## Exercise requirements:
Without copying the images, write out all the entries below verbatim.

━━━━━━━━━━━━━━━━━━━━━━━━━━━━━━

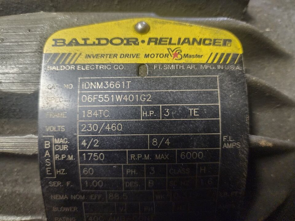 Baldor 3 HP 3 Ph. 1750 RPM Motor 184TC Cat No. IDNM3661T Inverter Drive Motor
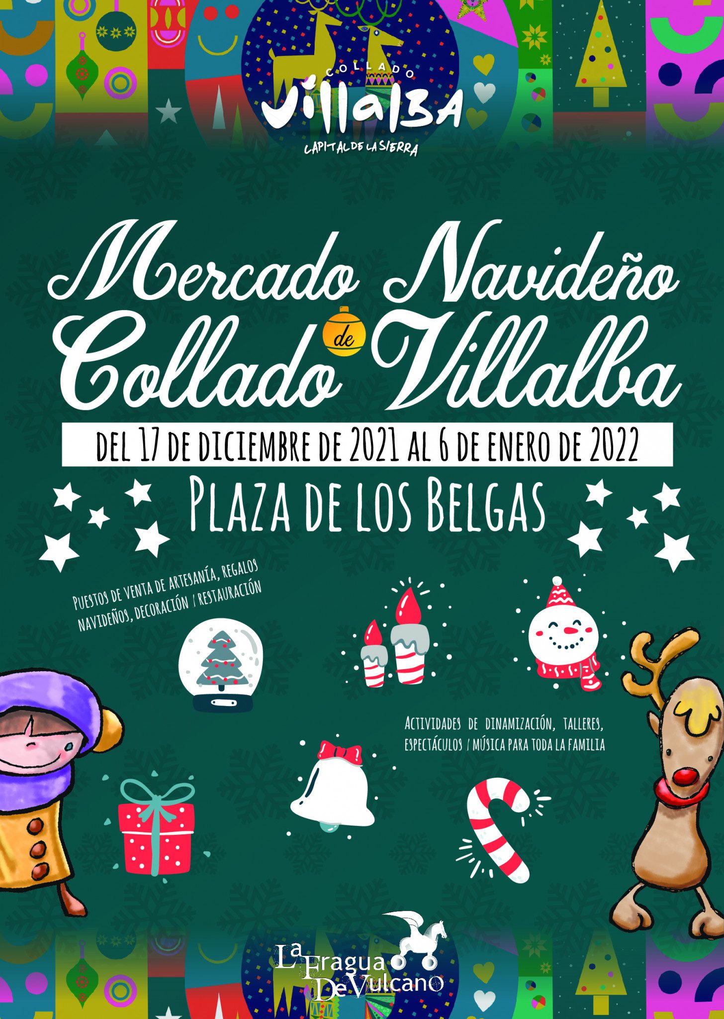 El Mercado de la Navidad de Collado Villalba concentra estos días multitud de actividades para toda la familia aunque la celebración de las mismas está sujeta a las condiciones climatológicas reinantes en ese momento. Espectáculos de calle, dinamizaciones, pajes y carteros reales, circo, humor o conciertos navideños son solo algunos de los eventos programados. A ellos se suman diversos talleres y cuentacuentos para los más pequeños de la casa.
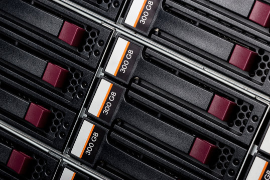 Disk array in datacenter.
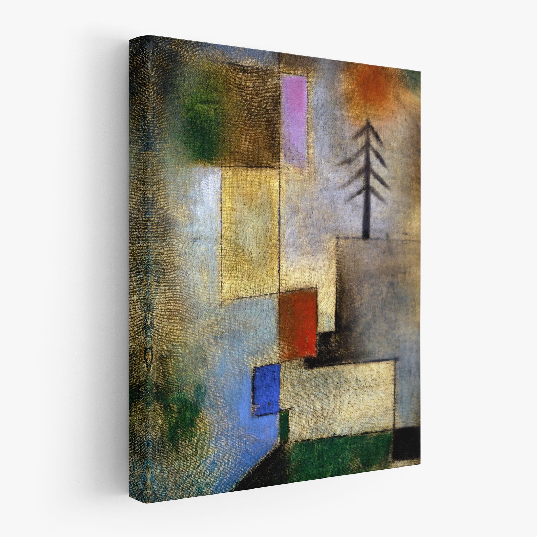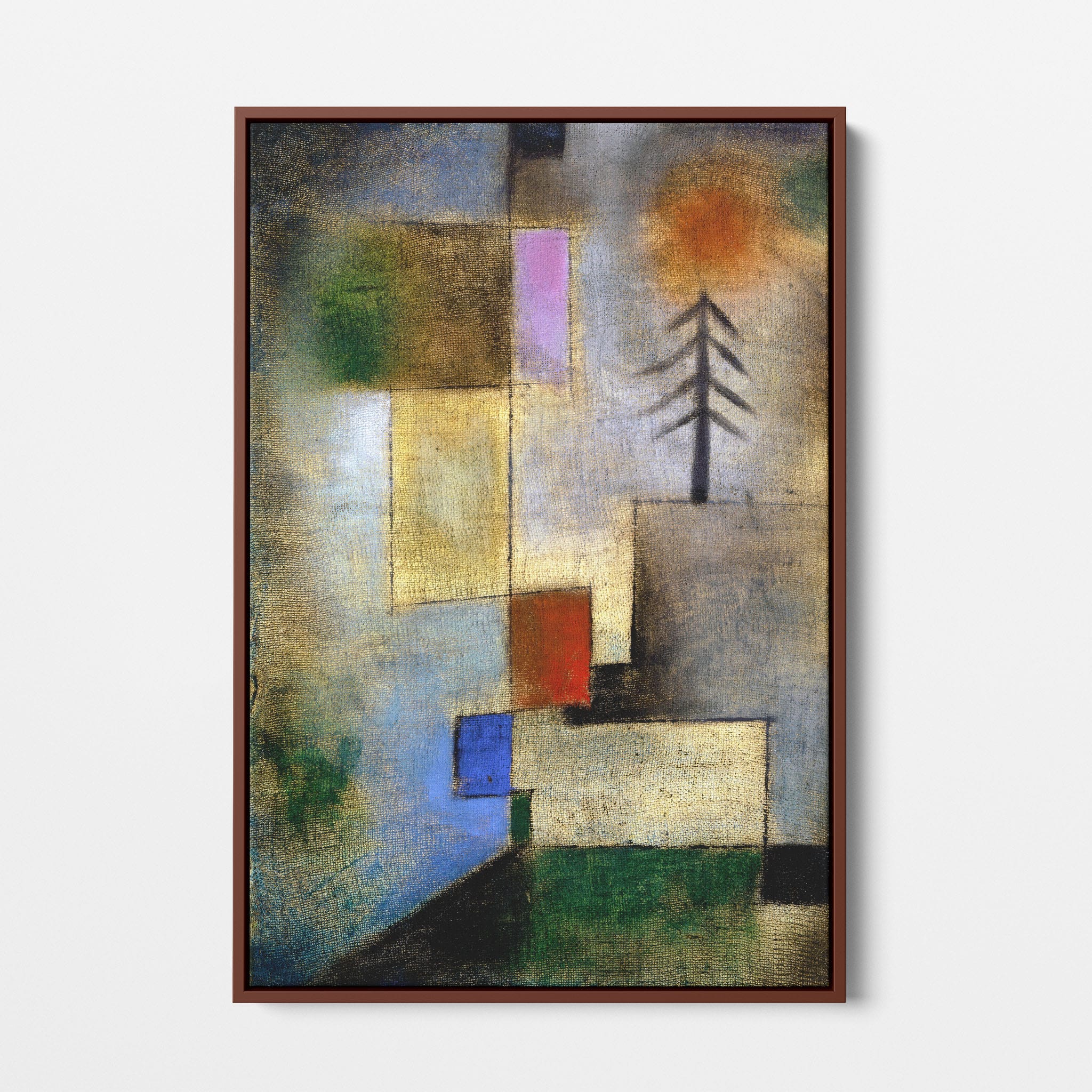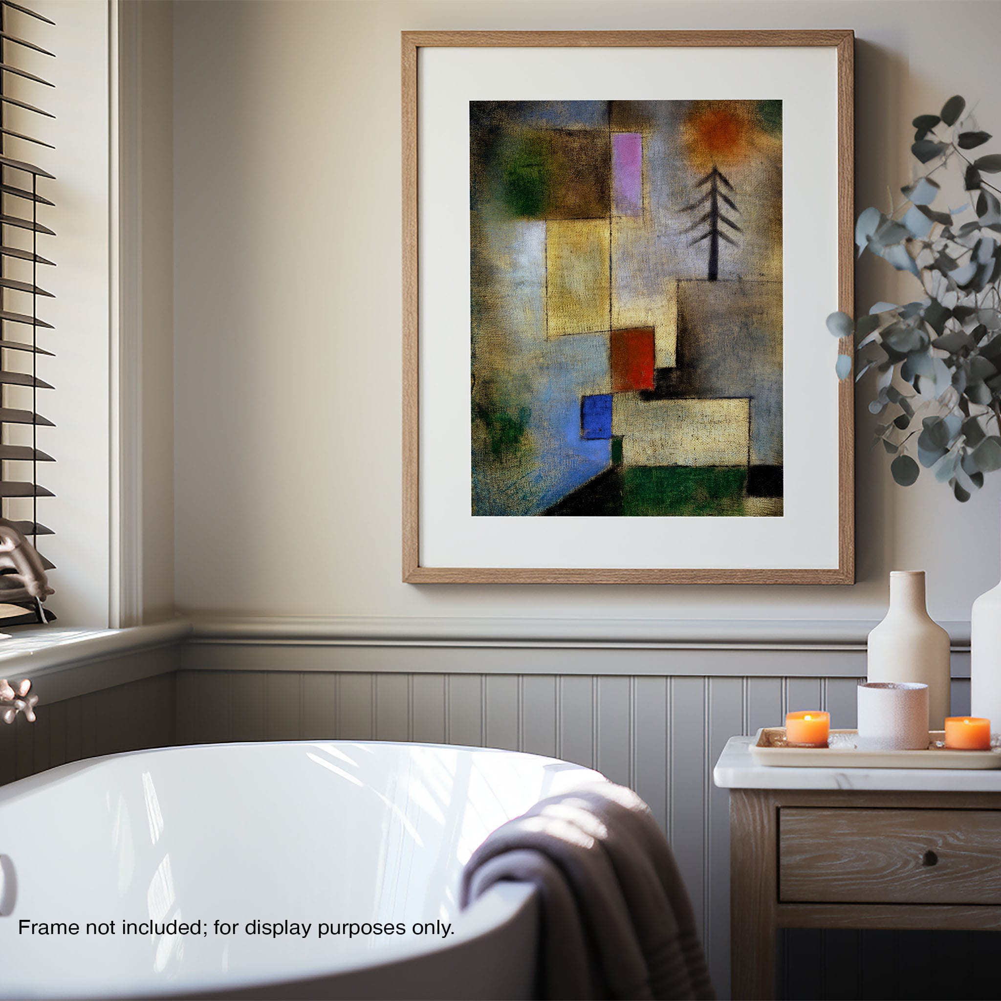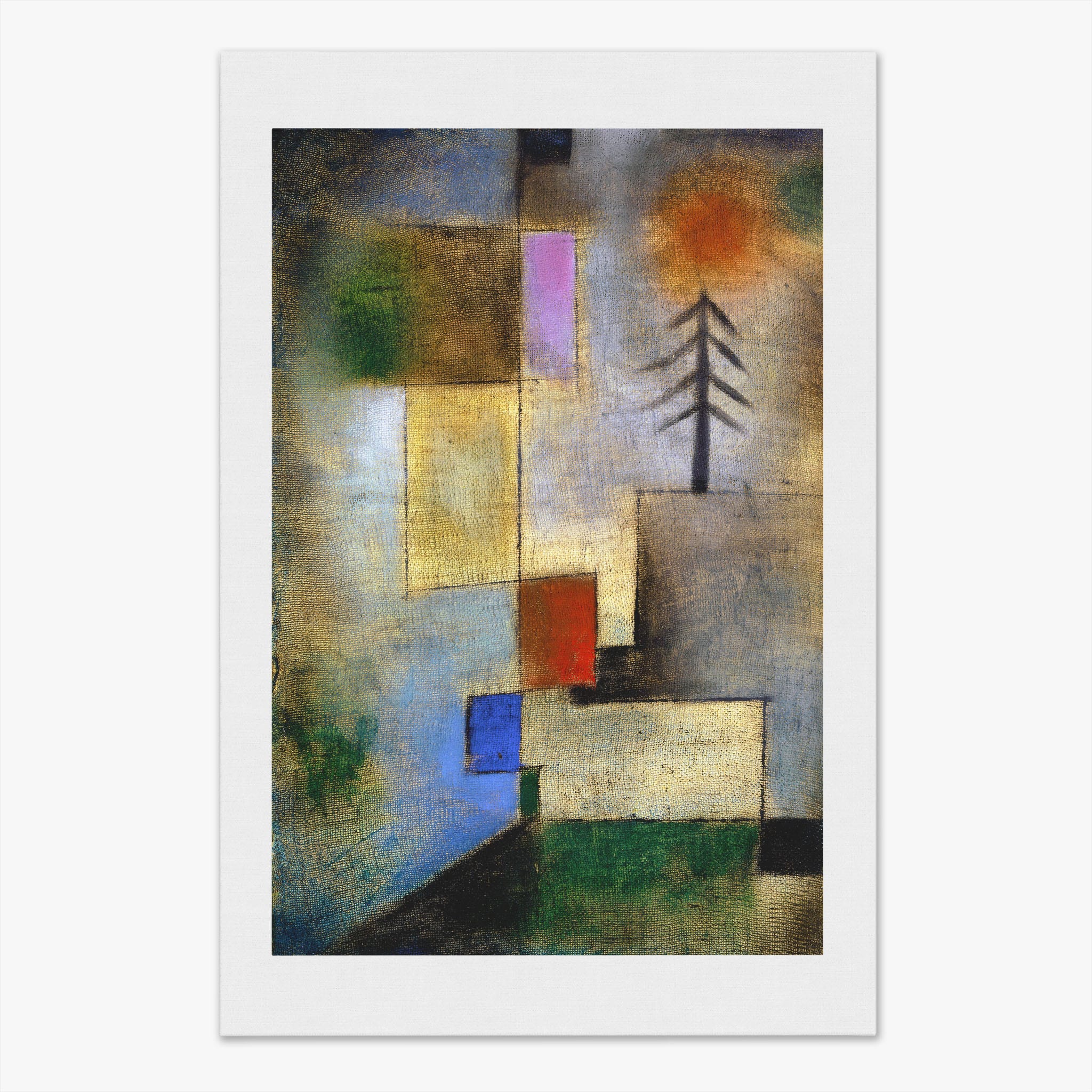 This artwork is titled "Small Fir Picture" by Paul Klee, painted in 1922. A slender fir tree stands silhouetted against a soft, dreamlike backdrop of diffused light and layered blocks. The composition interlocks warm ochres, violets, blues, and forest greens, rendered with a hazy, textured quality that merges geometry with atmosphere. The sun, a glowing orange orb, radiates subtly from the upper corner, adding warmth to the ethereal space. Klee’s precise arrangement of shapes evokes architectural forms, while the tree introduces a symbolic natural element. This fine art reproduction, made from a high-resolution image of the original, provides a serene yet structured presence ideal for modern and abstract art admirers.
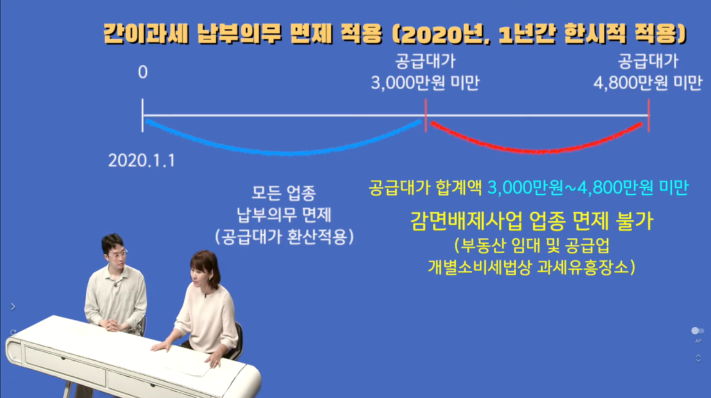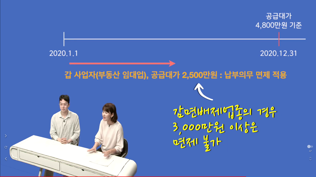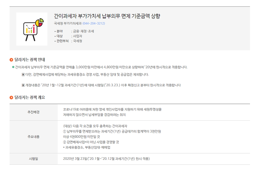 코로나19로 피해를 입은 간이과세자를 지원하기 위하여 공급대가가 연간 3천만 원 이상 4천8백만 원 미만인 간이과세자도 2020년분 부가가치세 납부의무를 면제하도록 하였다.

━━━━━━━━━━━━━━━━━━━━━━━━━━━━━━

## Answer box:
 Baldor 3 HP 3 Ph. 1750 RPM Motor 184TC Cat No. IDNM3661T Inverter Drive Motor
 El Mercado de la Navidad de Collado Villalba concentra estos días multitud de actividades para toda la familia aunque la celebración de las mismas está sujeta a las condiciones climatológicas reinantes en ese momento. Espectáculos de calle, dinamizaciones, pajes y carteros reales, circo, humor o conciertos navideños son solo algunos de los eventos programados. A ellos se suman diversos talleres y cuentacuentos para los más pequeños de la casa.
 Disk array in datacenter.
 This artwork is titled "Small Fir Picture" by Paul Klee, painted in 1922. A slender fir tree stands silhouetted against a soft, dreamlike backdrop of diffused light and layered blocks. The composition interlocks warm ochres, violets, blues, and forest greens, rendered with a hazy, textured quality that merges geometry with atmosphere. The sun, a glowing orange orb, radiates subtly from the upper corner, adding warmth to the ethereal space. Klee’s precise arrangement of shapes evokes architectural forms, while the tree introduces a symbolic natural element. This fine art reproduction, made from a high-resolution image of the original, provides a serene yet structured presence ideal for modern and abstract art admirers.
 코로나19로 피해를 입은 간이과세자를 지원하기 위하여 공급대가가 연간 3천만 원 이상 4천8백만 원 미만인 간이과세자도 2020년분 부가가치세 납부의무를 면제하도록 하였다.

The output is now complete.